[
https://issues.apache.org/jira/browse/NUTCH-1342?page=com.atlassian.jira.plugin.system.issuetabpanels:all-tabpanel
]
Markus Jelsma updated NUTCH-1342:
---------------------------------
Attachment: NUTCH-1342-1.6-1.patch
Patch for 1.6. This patch changes the behavior when a read time out occurs.
Currently the SocketTimeoutException is propagated to higher level code without
checking for edge-cases. This patch assumes that if bytes where received and no
Content-Length header was specified, the read data is alright.
This change definately fixes read time out problems caused by badly configured
servers but still relies on the connection to time out.
Please comment!
> Read time out protocol-http
> ---------------------------
>
> Key: NUTCH-1342
> URL: https://issues.apache.org/jira/browse/NUTCH-1342
> Project: Nutch
> Issue Type: Bug
> Components: fetcher
> Affects Versions: 1.4, 1.5
> Reporter: Markus Jelsma
> Priority: Critical
> Fix For: 1.6
>
> Attachments: NUTCH-1342-1.6-1.patch
>
>
> For some reason some URL's always time out with protocol-http but not
> protocol-httpclient. The stack trace is always the same:
> {code}
> 2012-04-20 11:25:44,275 ERROR http.Http - Failed to get protocol output
> java.net.SocketTimeoutException: Read timed out
> at java.net.SocketInputStream.socketRead0(Native Method)

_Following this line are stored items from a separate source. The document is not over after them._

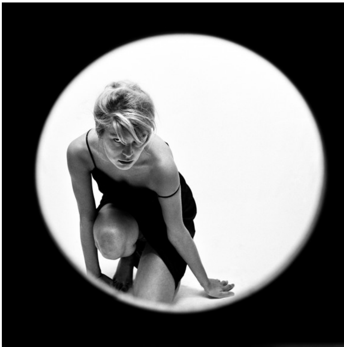
Finestra rodona 2, 1959

Recorrem de nou l'exposició «Leopoldo Pomés. Flashback ( https://www.lapedrera.com/ca/exposicions/fotografia/leopoldo-pomes-flashback ) », comissariada per Julià Guillamon, que va acollir a la Pedrera més de 140 fotografies i més de 50 espots publicitaris. Es tractava d'una retrospectiva completa del treball de Pomés, que comprenia des dels seus inicis vinculats al grup Dau al Set fins a l'actualitat.
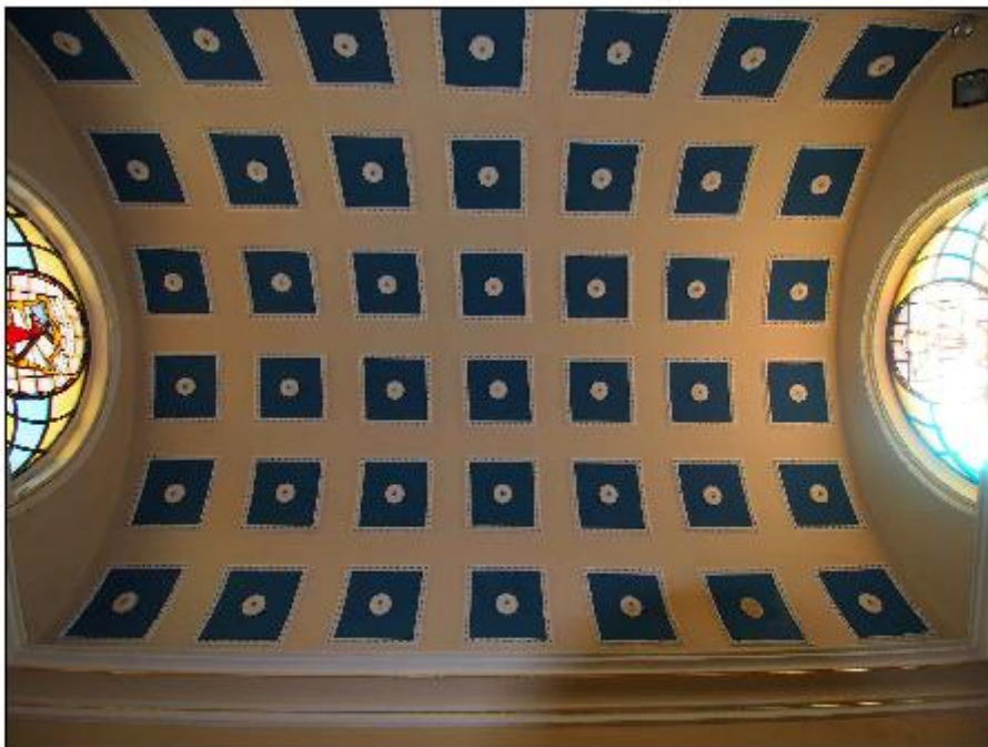
Foto 78: interno - dettaglio della volta a botte a copertura del presbiterio
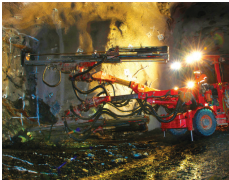
Le gouvernement va-t-il tenir compte des doléances des résidents qui s'inquiètent au sujet des impacts sur la sécurité de la population vivant autour de la future mine?

Plusieurs contaminants potentiellement cancérigènes et cancérogènes sans seuil contaminent déjà la ville de Rouyn-Noranda et dépassent les normes. La documentation est abondante sur le sujet depuis le dépôt des études de biosurveillance de 2018 et 2019 et des études de l'INSPQ qui ont suivi. Le dévoilement du document de l'annexe 6 retenu par le docteur Aruda et finalement rendu public a été le moment d'une prise de conscience collective des dangers sur la santé.
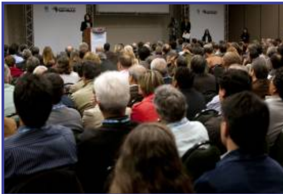
Encontro de Fornecedores em 2012
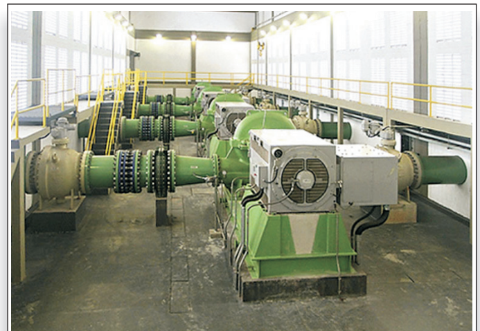
Vista Interna da Estação Elevatória
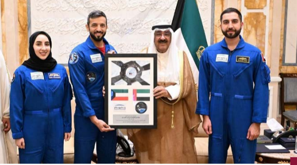
سمو الأمير مستقبلاً الوفد الإماراتي

استقبل صاحب السمو أمير البلاد مشعل الأحمد بقرص بيان وزير الدولة لشؤون الشباب بدولة الإمارات العربية المتحدة الشقيقة الدكتور سلطان بن سيف النيايدي، ورائدي الفضاء ثورة عيسى المطروشي ومحمد عبد الرحيم الملا، وذلك بمناسبة زيارتهم للبلاد. حضر المقابلة وزير الإعلام والثقافة ووزير الدولة لشؤون الشباب عبدالرحمن بداح الطييري، وكبار المسؤولين بالدولة.

> at java.net.SocketInputStream.read(SocketInputStream.java:129)
> at java.io.BufferedInputStream.read1(BufferedInputStream.java:256)
> at java.io.BufferedInputStream.read(BufferedInputStream.java:317)
> at java.io.FilterInputStream.read(FilterInputStream.java:116)
> at java.io.PushbackInputStream.read(PushbackInputStream.java:169)
> at java.io.FilterInputStream.read(FilterInputStream.java:90)
> at
> org.apache.nutch.protocol.http.HttpResponse.readPlainContent(HttpResponse.java:228)
> at
> org.apache.nutch.protocol.http.HttpResponse.<init>(HttpResponse.java:157)
> at org.apache.nutch.protocol.http.Http.getResponse(Http.java:64)
> at
> org.apache.nutch.protocol.http.api.HttpBase.getProtocolOutput(HttpBase.java:138)
> {code}
> Some example URL's:
> * 404 http://www.fcgroningen.nl/tribunenamen/stemmen/
> * 301 http://shop.fcgroningen.nl/aanbieding
--
This message is automatically generated by JIRA.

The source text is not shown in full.